Gelet op het voorgaande acht de rechtbank de volgende vormen van verplichte zorg zonder meer noodzakelijk om het ernstig nadeel af te wenden:
- toedienen van vocht;
- toedienen van voeding;
- verrichten medische controles;
- aanbrengen van beperkingen in de vrijheid het eigen leven in te richten, die tot gevolg hebben dat betrokkene iets moet doen of nalaten, waaronder het gebruik van communicatiemiddelen.
Daarnaast acht de rechtbank ook de volgende vormen van verplichte zorg noodzakelijk indien het ernstig nadeel niet langer in het ambulante kader kan worden afgewend:
- beperken van de bewegingsvrijheid;
- opnemen in een accommodatie.
Er zijn geen minder bezwarende alternatieven die hetzelfde beoogde effect hebben. De voorgestelde verplichte zorg is bovendien evenredig en naar verwachting effectief. Uit de stukken blijkt verder dat bij het bepalen van de juiste zorg rekening is gehouden met de voorwaarden die noodzakelijk zijn om deelname van betrokkene aan het maatschappelijk leven te bevorderen, alsmede met de veiligheid van betrokkene.
Gelet op het voorgaande is voldaan aan de criteria voor en doelen van verplichte zorg als bedoeld in de Wvggz.
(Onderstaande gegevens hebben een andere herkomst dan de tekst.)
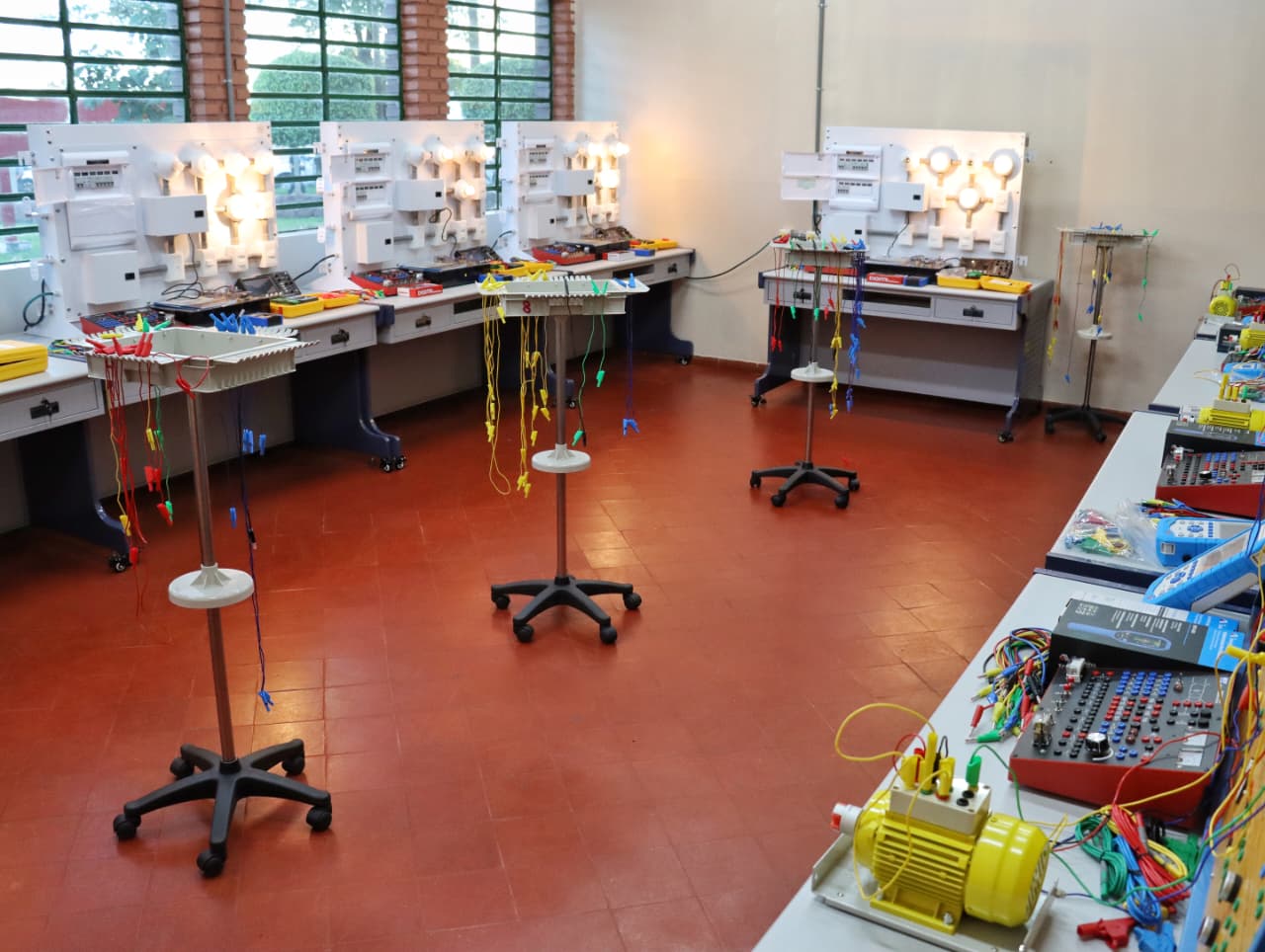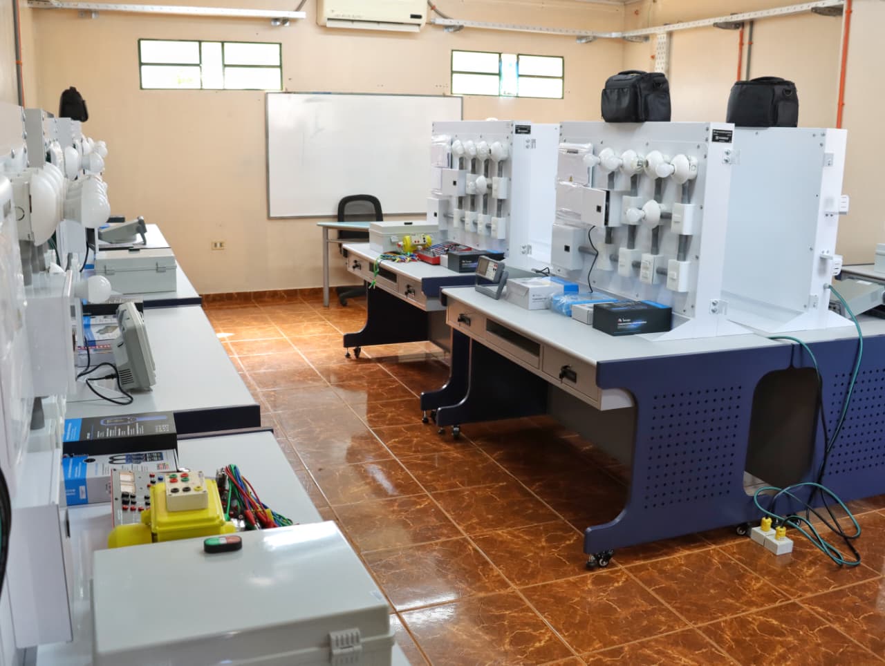 Asimismo, se incorporaron brazos robóticos para el fortalecimiento de la robótica industrial, además de sistemas de neumática, controladores lógicos programables (PLCs) y diversos equipos especializados para el área de mantenimiento industrial, como megómetros y terrómetros, entre otros.
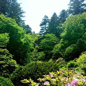 【仙台】 東北大学植物園での ツツジと奥深い木々 太陽に照らされて、様々な緑色が輝いていました。 奥に向かって深い山が広がっています。 いくつもの登り、下りの山道コースがあり、鳥が鳴き、沢があって、不気味な!?カエルの鳴き声が聞こえる、自然豊かな植物園です。 (令和元年5月12日撮影。きれいな青空でしたが、採光の調節がうまくいかず、空が白くなってしまい、残念です😖)
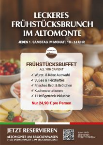 Frühstücksbrunch im Altomonte – Jeden 1. Samstag im Monat · All you can eat · 24,90 €
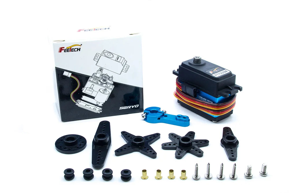 Electronic control Function: 1.Acceleration start stop function: speed and acceleration value can be set, motion effect is more gentle. 2.High precision, 360 degree absolute position 4096 bit precision, the highest position resolution is 0.088 degrees, if the control is 90 degrees, input 4096 / 360 * 90 = 1024, if the control is 180 degrees, input 4096 / 360 * 180 = 2048, so as to calculate. 3.There are four working mode switching (mode 0 position servo, mode 1 speed closed-loop, mode 2 speed open-loop, mode 3 step servo). 1)、Mode 0:Location mode, the default mode. In this mode, 360 degree absolute angle control can be realized. Support acceleration movement. 4、Multi turn mode, 360 degree absolute control and feedback, under the highest accuracy, the absolute position control can be plus or minus 7 turns, but the number of power cycles is not saved, only the absolute position feedback value is retained. 5、One key calibration, 360 degree angle installation at any position, (40 (decimal) address input 128 (decimal)) one key correction current position is the middle (2048 (decimal)). 6、TTL communication level, half duplex asynchronous communication, bus protocol support to adjust read and write parameters, and add synchronous read function (send an instruction to receive the read back instruction from each servo on the bus in turn.) 7、Multiple protections, (overload, overcurrent, overvoltage, overheating, switch setting, condition parameter changing) 1)、Overload protection: through position detection, during the movement from the starting position to the target position, when the current position is detected to be not the target position after encountering the blocking of obstacles, the unloading force lasts for 2S (20% of the default blocking force). Until a new command is triggered, Release protection 8:Multiple feedback: 1)Load feedback: the current control output drives the voltage duty cycle of the motor, and the full scale is 1000 = 100% torque output. 9、Open PID parameters. |

De zorgmachtiging zal derhalve worden verleend.

Beslissing

De rechtbank:
verleent een zorgmachtiging ten aanzien van:

[betrokkene] ,

geboren op [geboortedatum] 1968 te [geboorteplaats] ,
inhoudende dat bij wijze van verplichte zorg de volgende maatregelen kunnen worden getroffen:
- toedienen van vocht;
- toedienen van voeding;
- verrichten medische controles;
- aanbrengen van beperkingen in de vrijheid het eigen leven in te richten, die tot gevolg hebben dat betrokkene iets moet doen of nalaten, waaronder het gebruik van communicatiemiddelen;
en daarnaast ook de volgende maatregelen indien het ernstig nadeel niet langer in het ambulante kader kan worden afgewend;
- beperken van de bewegingsvrijheid;
- opnemen in een accommodatie;
bepaalt dat deze machtiging geldt tot en met 17 maart 2025;
wijst af het meer of anders verzochte.
Deze beschikking is gegeven door mr. E.E. Schotte, rechter, bijgestaan door S.N. Maas als griffier, en uitgesproken ter openbare zitting van 17 september 2024.
De schriftelijke uitwerking van deze beschikking is vastgesteld op 30 september 2024.
Tegen deze beschikking staat het rechtsmiddel van cassatie open.